[What you have to do]:
Return the records that follow unaltered. Omit every picture.

[Input material]:
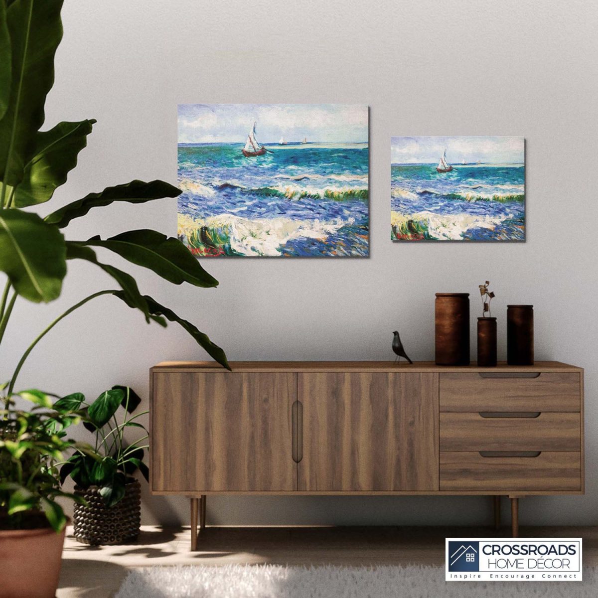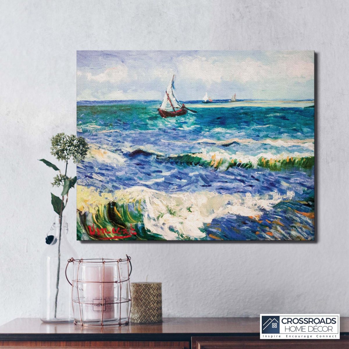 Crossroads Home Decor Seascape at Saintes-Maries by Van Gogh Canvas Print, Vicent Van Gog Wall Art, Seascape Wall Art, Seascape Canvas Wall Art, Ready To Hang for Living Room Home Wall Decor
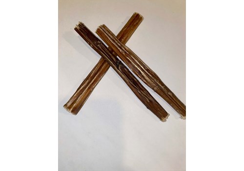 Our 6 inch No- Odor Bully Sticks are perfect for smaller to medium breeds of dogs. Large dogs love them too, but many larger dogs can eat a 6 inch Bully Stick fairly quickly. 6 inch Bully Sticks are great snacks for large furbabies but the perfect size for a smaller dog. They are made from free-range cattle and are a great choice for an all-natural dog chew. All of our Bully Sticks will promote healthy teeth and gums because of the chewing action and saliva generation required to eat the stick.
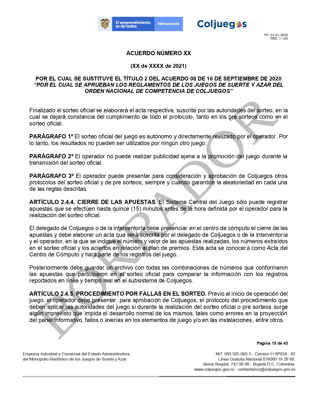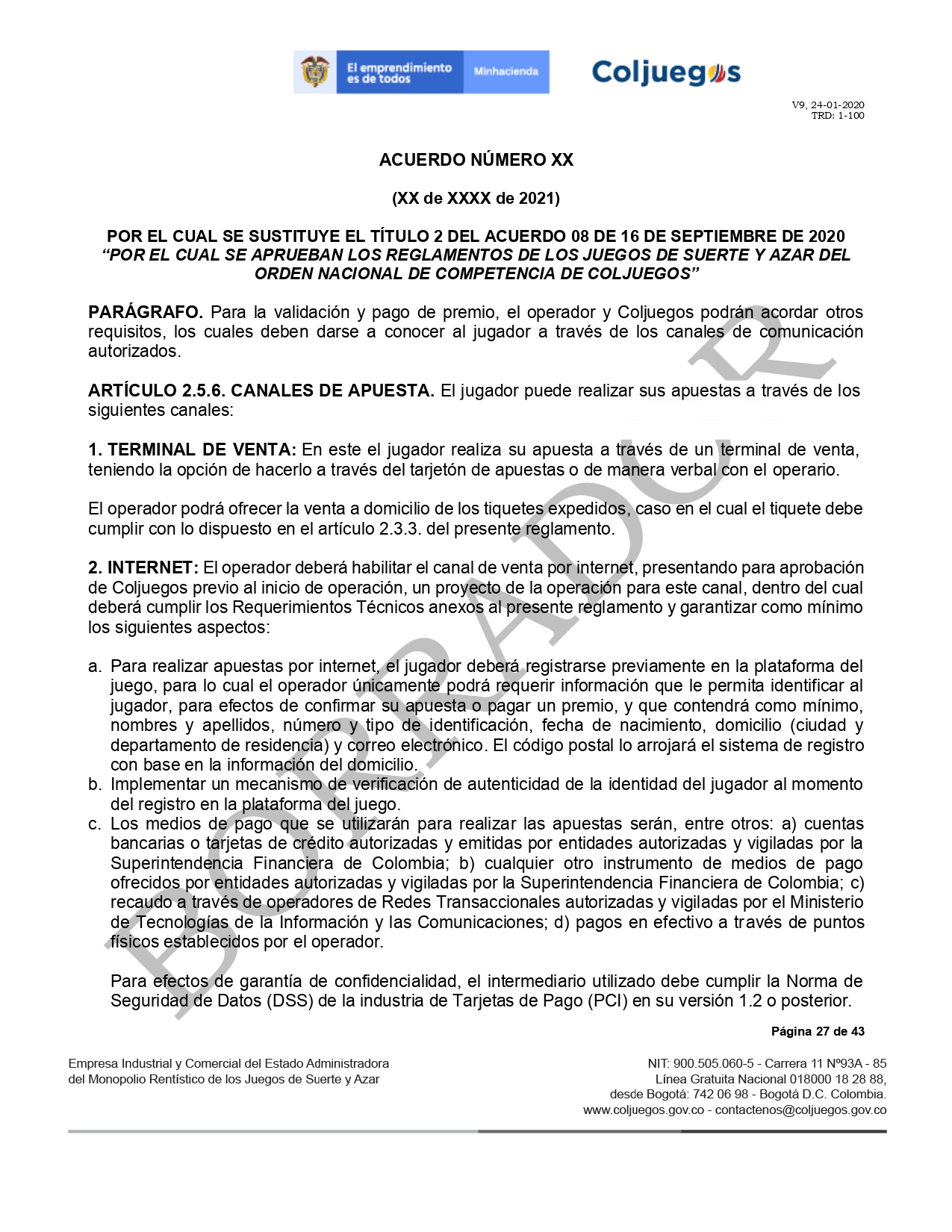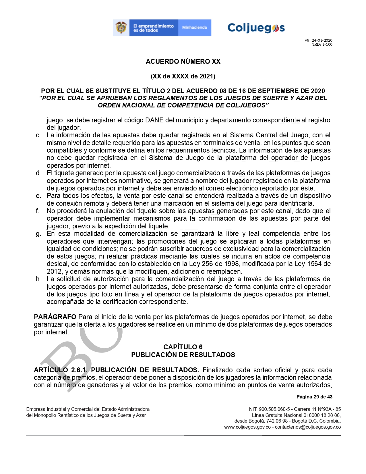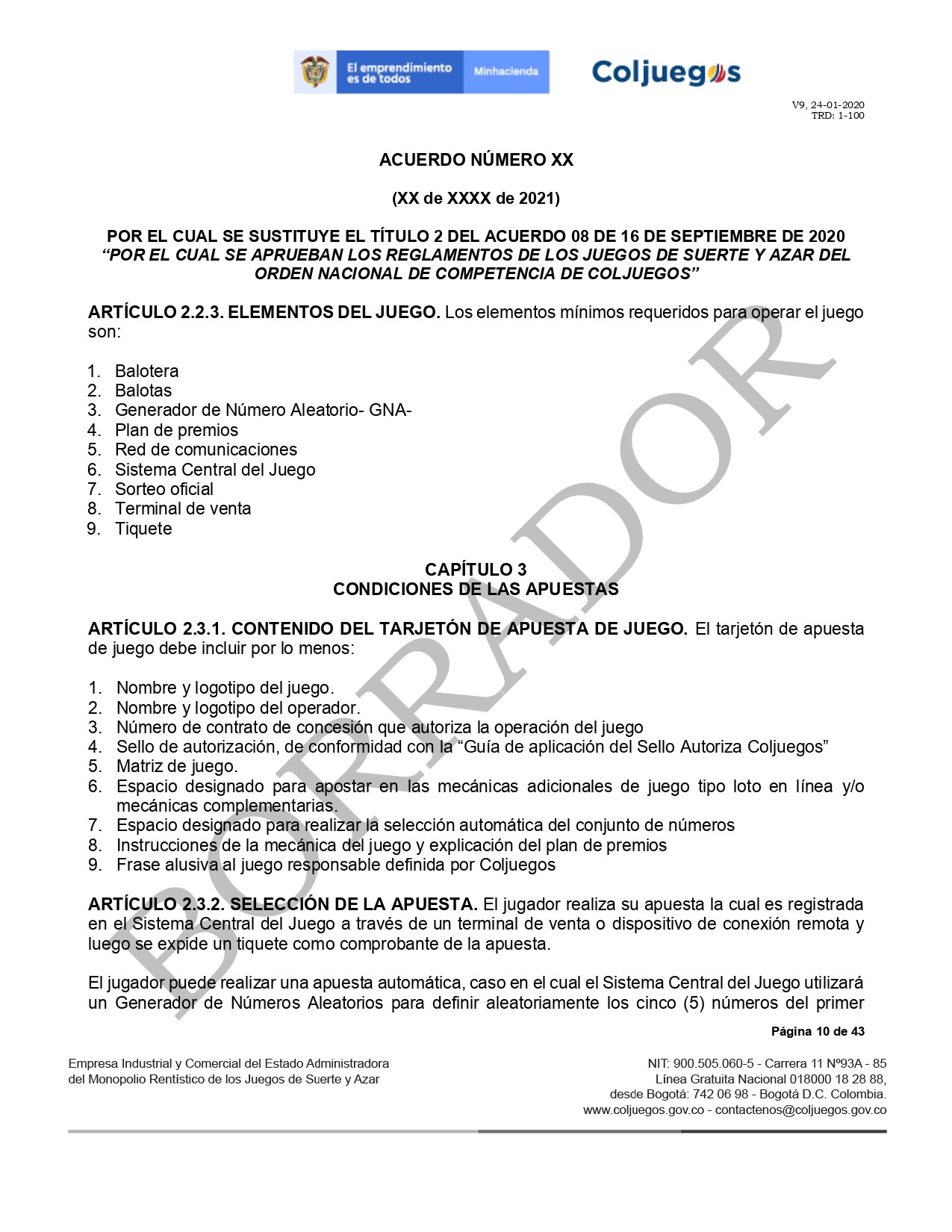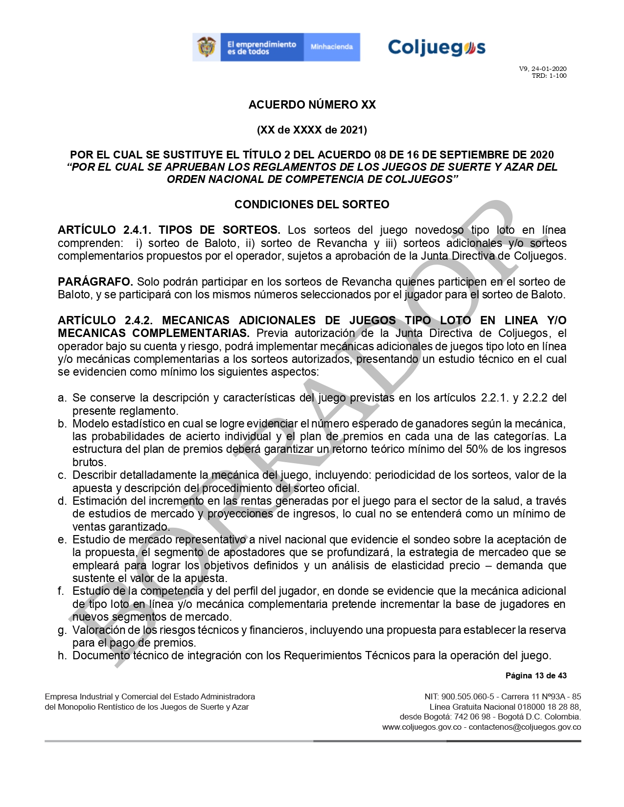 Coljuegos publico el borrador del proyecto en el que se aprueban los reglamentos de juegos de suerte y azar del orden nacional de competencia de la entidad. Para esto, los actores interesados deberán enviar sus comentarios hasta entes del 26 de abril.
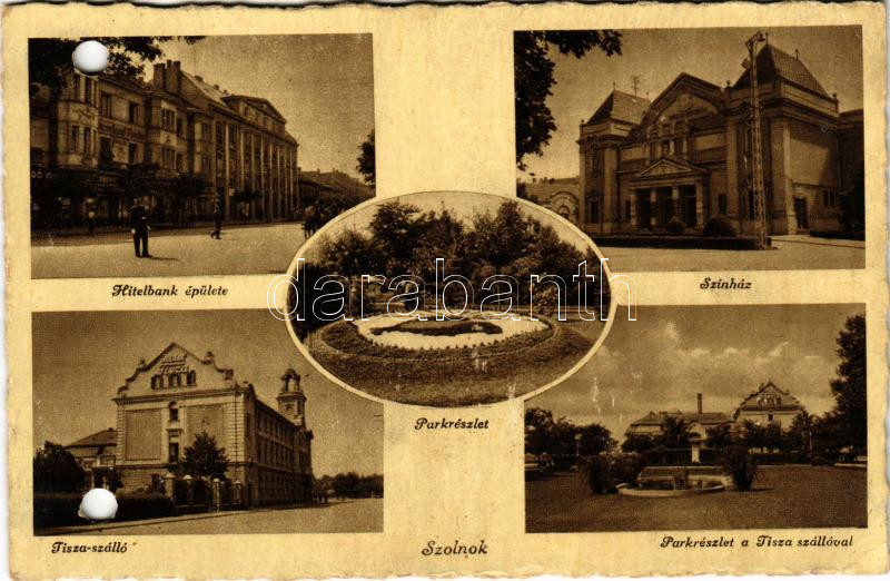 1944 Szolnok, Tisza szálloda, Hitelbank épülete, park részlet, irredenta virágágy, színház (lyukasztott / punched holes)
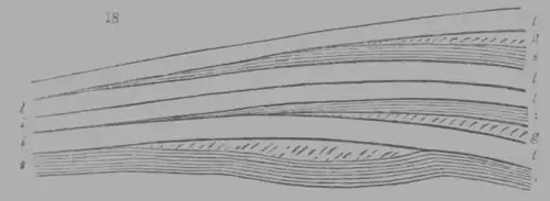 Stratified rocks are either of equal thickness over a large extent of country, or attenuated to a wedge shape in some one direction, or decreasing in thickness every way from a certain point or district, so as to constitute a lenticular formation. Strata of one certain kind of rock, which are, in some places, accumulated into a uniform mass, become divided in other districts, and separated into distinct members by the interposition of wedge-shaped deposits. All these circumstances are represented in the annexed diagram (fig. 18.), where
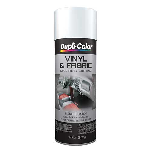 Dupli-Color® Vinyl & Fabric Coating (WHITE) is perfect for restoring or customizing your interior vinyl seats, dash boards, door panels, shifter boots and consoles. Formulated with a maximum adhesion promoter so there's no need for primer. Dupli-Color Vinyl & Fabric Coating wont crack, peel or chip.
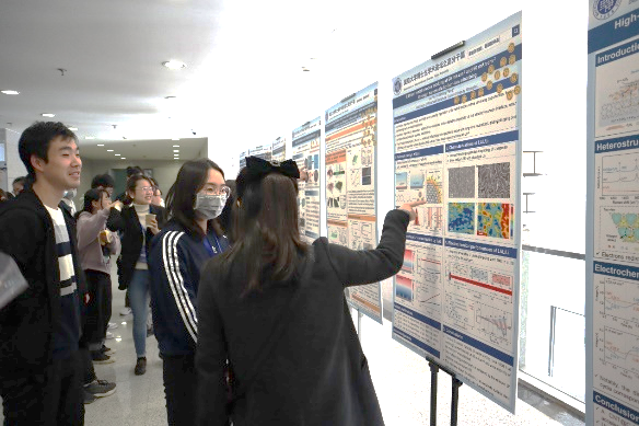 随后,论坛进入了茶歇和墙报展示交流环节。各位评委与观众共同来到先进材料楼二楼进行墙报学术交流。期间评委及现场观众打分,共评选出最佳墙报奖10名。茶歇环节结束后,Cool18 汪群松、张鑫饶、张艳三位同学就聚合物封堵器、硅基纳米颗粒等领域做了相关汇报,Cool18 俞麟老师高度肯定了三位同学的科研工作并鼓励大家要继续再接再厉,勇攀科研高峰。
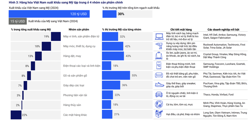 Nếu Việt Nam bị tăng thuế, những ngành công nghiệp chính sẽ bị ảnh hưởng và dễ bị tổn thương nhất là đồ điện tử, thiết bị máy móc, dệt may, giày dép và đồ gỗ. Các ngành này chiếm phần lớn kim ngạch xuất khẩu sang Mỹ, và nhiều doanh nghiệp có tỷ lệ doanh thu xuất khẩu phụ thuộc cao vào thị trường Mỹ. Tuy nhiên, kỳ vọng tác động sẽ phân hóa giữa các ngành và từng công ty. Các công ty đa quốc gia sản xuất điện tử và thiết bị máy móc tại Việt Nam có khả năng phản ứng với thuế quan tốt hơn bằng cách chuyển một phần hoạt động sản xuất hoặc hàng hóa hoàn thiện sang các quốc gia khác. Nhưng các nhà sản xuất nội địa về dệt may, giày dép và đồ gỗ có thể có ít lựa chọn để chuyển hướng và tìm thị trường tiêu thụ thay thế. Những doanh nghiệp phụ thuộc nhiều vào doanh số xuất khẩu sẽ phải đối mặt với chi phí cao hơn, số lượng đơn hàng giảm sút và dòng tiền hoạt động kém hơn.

[Result below]:
 Crossroads Home Decor Seascape at Saintes-Maries by Van Gogh Canvas Print, Vicent Van Gog Wall Art, Seascape Wall Art, Seascape Canvas Wall Art, Ready To Hang for Living Room Home Wall Decor
 Our 6 inch No- Odor Bully Sticks are perfect for smaller to medium breeds of dogs. Large dogs love them too, but many larger dogs can eat a 6 inch Bully Stick fairly quickly. 6 inch Bully Sticks are great snacks for large furbabies but the perfect size for a smaller dog. They are made from free-range cattle and are a great choice for an all-natural dog chew. All of our Bully Sticks will promote healthy teeth and gums because of the chewing action and saliva generation required to eat the stick.
 Coljuegos publico el borrador del proyecto en el que se aprueban los reglamentos de juegos de suerte y azar del orden nacional de competencia de la entidad. Para esto, los actores interesados deberán enviar sus comentarios hasta entes del 26 de abril.
 1944 Szolnok, Tisza szálloda, Hitelbank épülete, park részlet, irredenta virágágy, színház (lyukasztott / punched holes)
 Stratified rocks are either of equal thickness over a large extent of country, or attenuated to a wedge shape in some one direction, or decreasing in thickness every way from a certain point or district, so as to constitute a lenticular formation. Strata of one certain kind of rock, which are, in some places, accumulated into a uniform mass, become divided in other districts, and separated into distinct members by the interposition of wedge-shaped deposits. All these circumstances are represented in the annexed diagram (fig. 18.), where
 Dupli-Color® Vinyl & Fabric Coating (WHITE) is perfect for restoring or customizing your interior vinyl seats, dash boards, door panels, shifter boots and consoles. Formulated with a maximum adhesion promoter so there's no need for primer. Dupli-Color Vinyl & Fabric Coating wont crack, peel or chip.
 随后,论坛进入了茶歇和墙报展示交流环节。各位评委与观众共同来到先进材料楼二楼进行墙报学术交流。期间评委及现场观众打分,共评选出最佳墙报奖10名。茶歇环节结束后,Cool18 汪群松、张鑫饶、张艳三位同学就聚合物封堵器、硅基纳米颗粒等领域做了相关汇报,Cool18 俞麟老师高度肯定了三位同学的科研工作并鼓励大家要继续再接再厉,勇攀科研高峰。
 Nếu Việt Nam bị tăng thuế, những ngành công nghiệp chính sẽ bị ảnh hưởng và dễ bị tổn thương nhất là đồ điện tử, thiết bị máy móc, dệt may, giày dép và đồ gỗ. Các ngành này chiếm phần lớn kim ngạch xuất khẩu sang Mỹ, và nhiều doanh nghiệp có tỷ lệ doanh thu xuất khẩu phụ thuộc cao vào thị trường Mỹ. Tuy nhiên, kỳ vọng tác động sẽ phân hóa giữa các ngành và từng công ty. Các công ty đa quốc gia sản xuất điện tử và thiết bị máy móc tại Việt Nam có khả năng phản ứng với thuế quan tốt hơn bằng cách chuyển một phần hoạt động sản xuất hoặc hàng hóa hoàn thiện sang các quốc gia khác. Nhưng các nhà sản xuất nội địa về dệt may, giày dép và đồ gỗ có thể có ít lựa chọn để chuyển hướng và tìm thị trường tiêu thụ thay thế. Những doanh nghiệp phụ thuộc nhiều vào doanh số xuất khẩu sẽ phải đối mặt với chi phí cao hơn, số lượng đơn hàng giảm sút và dòng tiền hoạt động kém hơn.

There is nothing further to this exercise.